2.3. Model Specimens

During the experimental study, the similarity ratio was 1:2. The diameter of the steel bar of the model cap and the base plate of the cap was 18 mm; the diameter of the other bars was 12 mm, as shown in Figure 5. To meet the requirements of the length of the longitudinal reinforcement, the bottom of the pier was provided with a perforated plug welding of the steel plate with the longitudinal reinforcement of the pier.

The specimens were poured with C70 concrete and filled with C40 concrete. The longitudinal steel bars were HRB400 steel bars, where 18 steel bars had a diameter of 20 mm in the outer ring and 9 steel bars had a diameter of 10 mm in the inner ring, and HPB300 spiral stirrups had a spacing of 100 mm. The main reinforcement of the pier column and the steel end plate adopts perforated plug welding, the size of the steel end plate was the same as the section of the pier column, the thickness was 10 mm, and Q235 (Q235 indicates a steel plate with a yield strength of 235 MPa) steel was used. The structure diagram of the scaled pier column is shown in Figure 6.

3. Experimental Research

3.1. Specimen Design

In the whole research plan, seven specimens were included, and the research parameters included the depth of bearing insertion, the thickness of the base plate, and the construction method [7]. The focus of the paper was the vertical bearing capacity analysis of precast assembled piers; only specimen S7 was used, as shown in

Table 2. Specimen description.

Specimen	Pouring Method	Platform Height/mm	Socket Depth/D	Connection Method	Bottom Plate Thickness/mm
S1	cast-in-place	750	none
S2	prefabricated components	750	0.7	shear key	250
S7		750	0.7	shear key	0

. Specimen S7 is a precast pier and bearing platform specimen. The caps under the pier column were hollowed out, no bottom plate was provided, temporary supports were set under the caps, and high-strength non-shrinkage cement grouting material was poured. This study focused on the bearing capacity under vertical load, so only the test results of specimen S7 are introduced.

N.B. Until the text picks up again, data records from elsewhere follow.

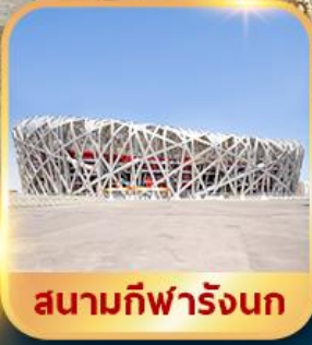
สนามกีฬาปักกิ่ง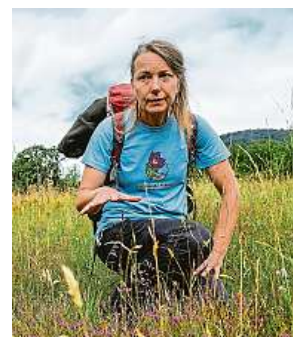
Sběr semen z louky u Srbské Kamenice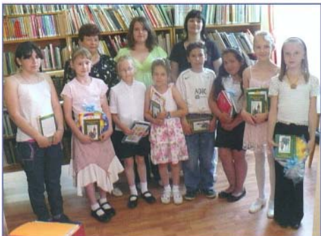
A versíró pályázat díjazottjai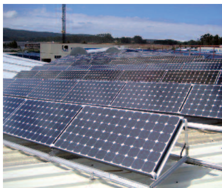
23,52 kW sobre coberta de nave em Narón (A Corunha)

Model construction and assembly were divided into three stages, which are the production of steel cages for pipe piers, the centrifugal forming of pipe piers, and the prefabrication and assembly of the caps. Some construction photos are shown in Figure 7.

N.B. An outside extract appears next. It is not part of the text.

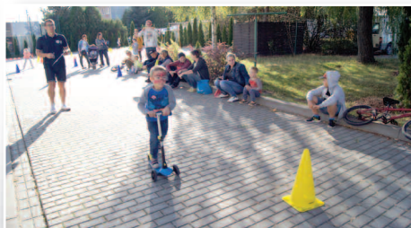
Dzień Małych Kółek w Dusznikach – str. 12

3.2. The Test Loading Device and the Loading Process

Test loading equipment was a 10,000 kN electro-hydraulic servo multifunctional structural test system, as shown in Figure 8. The vertical loading capacity was 10,000 kN in compression and 3000 kN in tension. The maximum stroke was ±300 mm. The horizontal loading capacity was 1500 kN, and the maximum stroke was ±400 mm. The test force measurement range and indication accuracy were 4%–100%, and the displacement resolution was 0.01 mm. Specimen S7 was subjected to axial force by means of the force control and the loading rate was 50 kN/min. The specimen was loaded in axial pressure only and slowly increased until it was damaged. The load increment was about 500 kN, and it was necessary to hold the load and observe the cracks and damage process at each load step. Because of the limitation of the test loading capacity, the maximum loading capacity of the testing machine was 10,000 kN. When the central loading was used, the specimen was not damaged when it reached 10,000 kN, so eccentric loading was applied after unloading in order to obtain the damage pattern of the precast piers. At eccentric distances of 5 cm and 10 cm, the specimens were not damaged. Until the eccentricity of the specimen reached 12.5 cm, the pier was damaged.

3.3. Test Results

The specimen was subjected to axial compression loading. When the central compression axial pressure was loaded to 4500 kN, a micro-crack was found on the surface of the grouting material on the top surface of the bearing platform, and the crack width was 0.033 mm. When it was loaded to 10,000 kN, the maximum crack width of the grout was 0.08 mm. When the eccentric distance to the south side was changed to 5 cm, the bias loading was carried out. No cracks were found before the loading reached 3000 kN. When the load was 3500 kN, the original crack width of the grouting material was 0.04 mm; when the load was 7500 kN, the width of the first crack was 0.06 mm and the second crack appeared with a width of 0.024 mm. When it was loaded to 10,000 kN, the width of the first crack was 0.07 mm and the width of the second crack was 0.034 mm. Since the limit of the testing machine was reached, the eccentric distance was changed to 10 cm for bias loading. When the loading reached 3500 kN, the width of the first crack was 0.052 mm and the width of the second crack was 0.029 mm. When it was loaded to 10,000 kN, the width of the first crack was 0.072 mm and the width of the second crack was 0.046 mm. Then, the eccentric distance was changed to 12.5 cm for bias loading, and the loading reached 3500 kN; the width of the first crack was 0.06 mm and the width of the second crack was 0.04 mm. Continuing to load, horizontal cracks appeared on the tension side in the south, and vertical cracks appeared on the compression side in the north. When it reached about 9000 kN, there was an explosion, and a large piece of concrete on the compression side at the junction of the north side of the top of the pipe pier and the loading head peeled off, the concrete splashed, and the bearing capacity decreased. One longitudinal bar on the east side buckled, causing three stirrups to break; one longitudinal bar on the east side of the west side buckled, causing two stirrups to break. This shows that under eccentric compression, the unfilled hollow pipe pier becomes the weak link of the precast pipe pier. The damage mode is shown in Figure 9.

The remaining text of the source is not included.